- Born: 8 November 1946
- Died: 12 February 2000 (aged 53)

Academic background
- Alma mater: University of Oxford
- Thesis: The development of the object concept in human infants (1974)

Academic work
- Discipline: Psychology
- Sub-discipline: Developmental Psychology
- Institutions: University of Southampton; University of Stirling; University of Sussex

= George Butterworth (psychologist) =

British psychologist (1946–2000)

George Esmond Butterworth (8 November 1946 – 12 February 2000) was a British professor of psychology, who studied infant development.

==Life and work ==
After completing his D.Phil. at Oxford, Butterworth took a post at Southampton University, moving to a chair in psychology at Stirling in 1985, before coming to Sussex in 1991. He was appointed honorary professor, University of East London, in 1996.

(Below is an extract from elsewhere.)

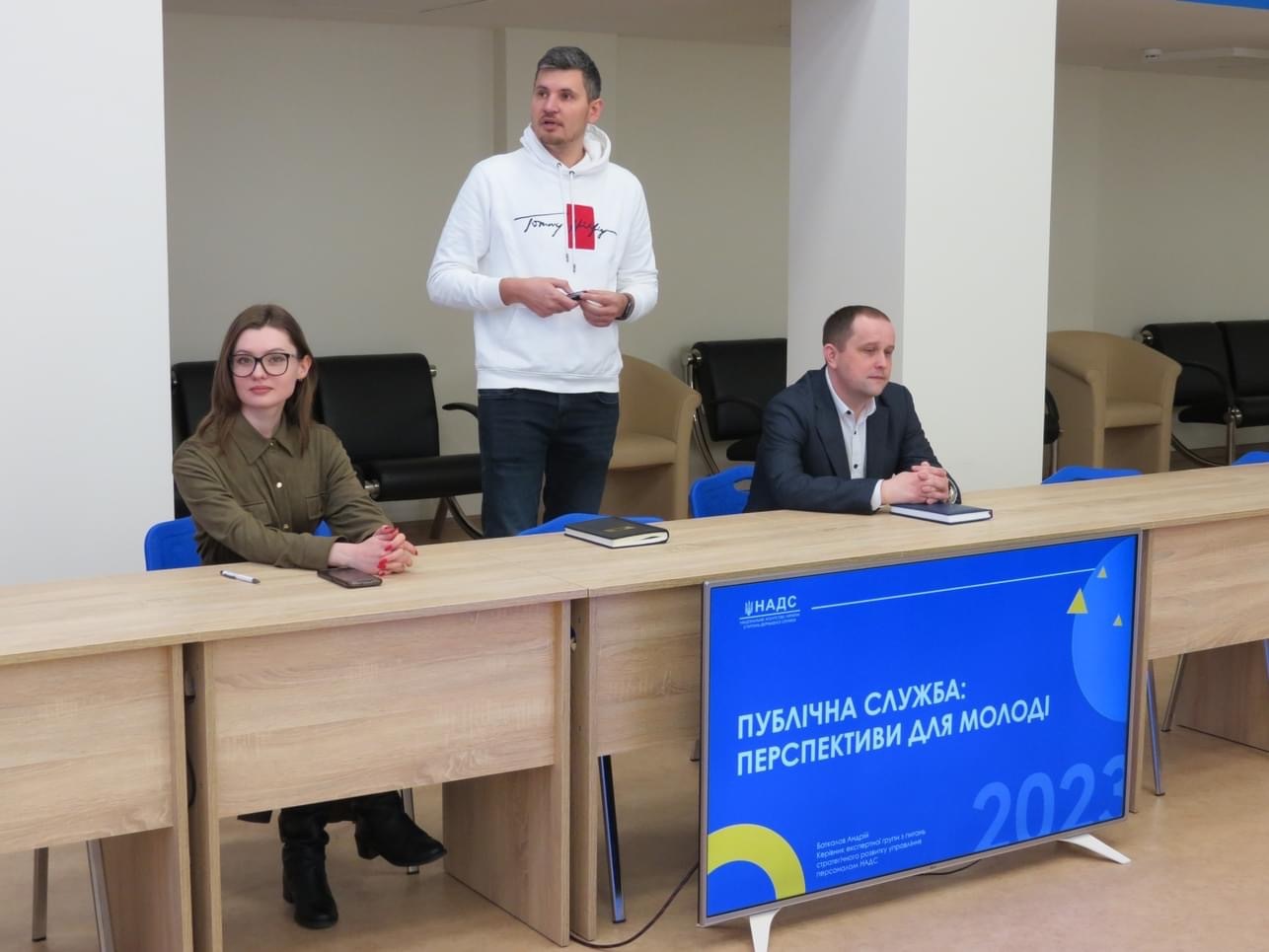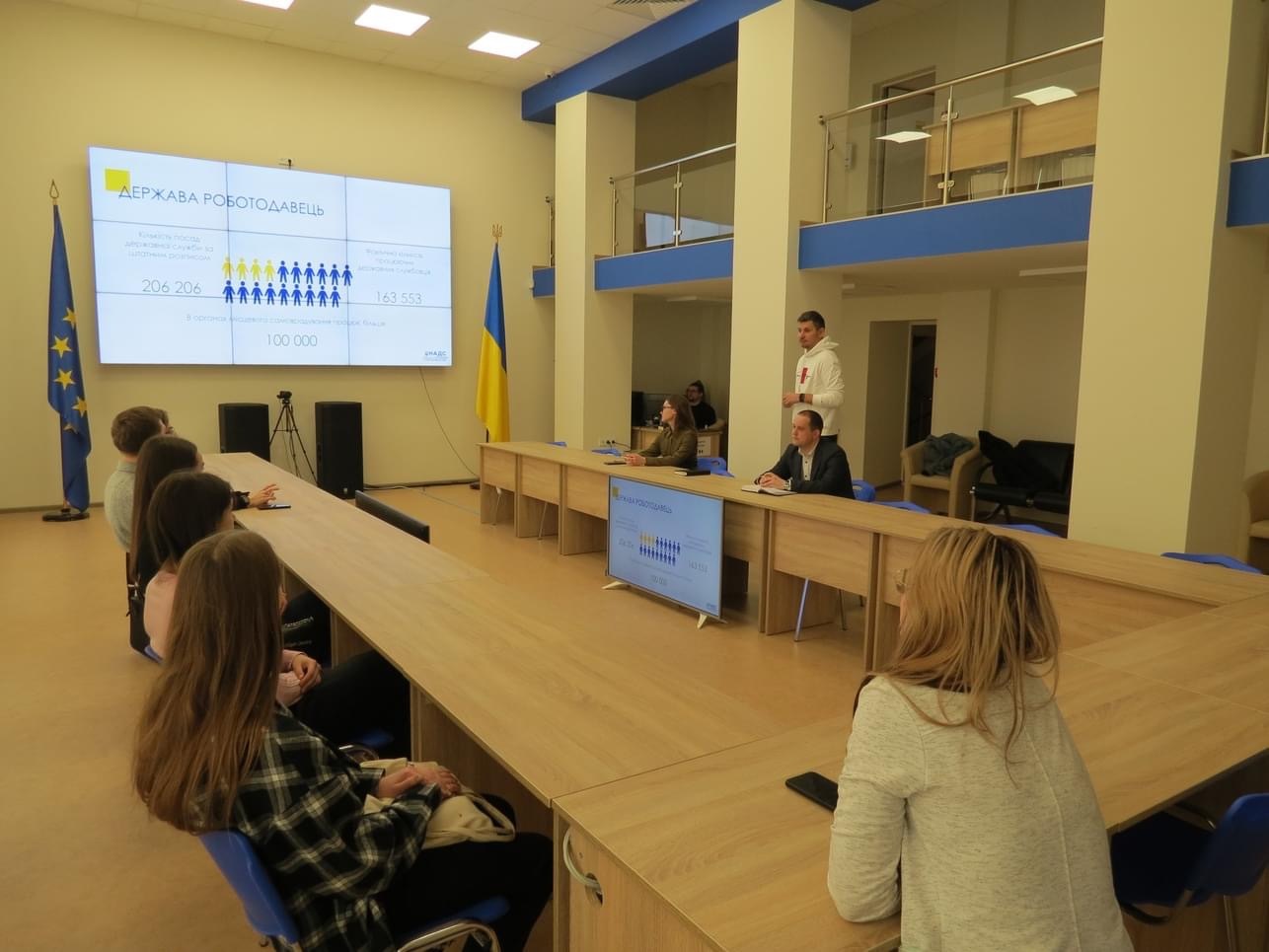 Працівники НАДС розповіли, як стати частиною команди Агентства, як, власне, відбувається стажування в органах державної влади та місцевого самоврядування, які переваги такий інструмент дає молодим фахівцям. Студенти дізналися про процедури вступу на державну службу та отримання державного сертифіката про рівень володіння державною мовою. Аби підвищити кількість молоді в органах державної влади, в Агентстві працюють за двома напрямками. Перший – комунікація і поширення інформації про публічну службу. Приміром, в НАДС щороку проводять «Промодень на публічній службі». Його мета – популяризація публічної служби серед молоді та підвищення рівня обізнаності про роботу службовців. Експертами НАДС у співпраці з партнерами створено освітній серіал, покликаний розширити знання про систему органів влади в Україні. Другий напрямок – навчання фахівців з управління персоналом алгоритмам роботи з молоддю. Зокрема, НАДС розроблено методичні рекомендації щодо стажування у державних органах молоді, яка не перебуває на посадах публічної служби.

His contributions to the discipline include founding both the British Infancy Research Group and the Journal of Developmental Science, as well as heading numerous groups ranging from the Scientific Affairs Board of the British Psychological Society to the European Society for Developmental Psychology.

== Selected publications ==

===Books===
- Butterworth, George, Julie Rutkowska, and Michael Scaife. Evolution and developmental psychology. Vol. 4. Harvester, 1985.

===Articles===
- Butterworth, George, and Nicholas Jarrett. "What minds have in common is space: Spatial mechanisms serving joint visual attention in infancy." British journal of Developmental Psychology 9.1 (1991): 55–72.
- Butterworth, George, E. Verweij, and Brian Hopkins. "The development of prehension in infants: Halverson revisited." British Journal of Developmental Psychology 15.2 (1997): 223-236.
- Carpenter, Malinda, et al. "Social cognition, joint attention, and communicative competence from 9 to 15 months of age." Monographs of the Society for Research in Child Development (1998): i-174.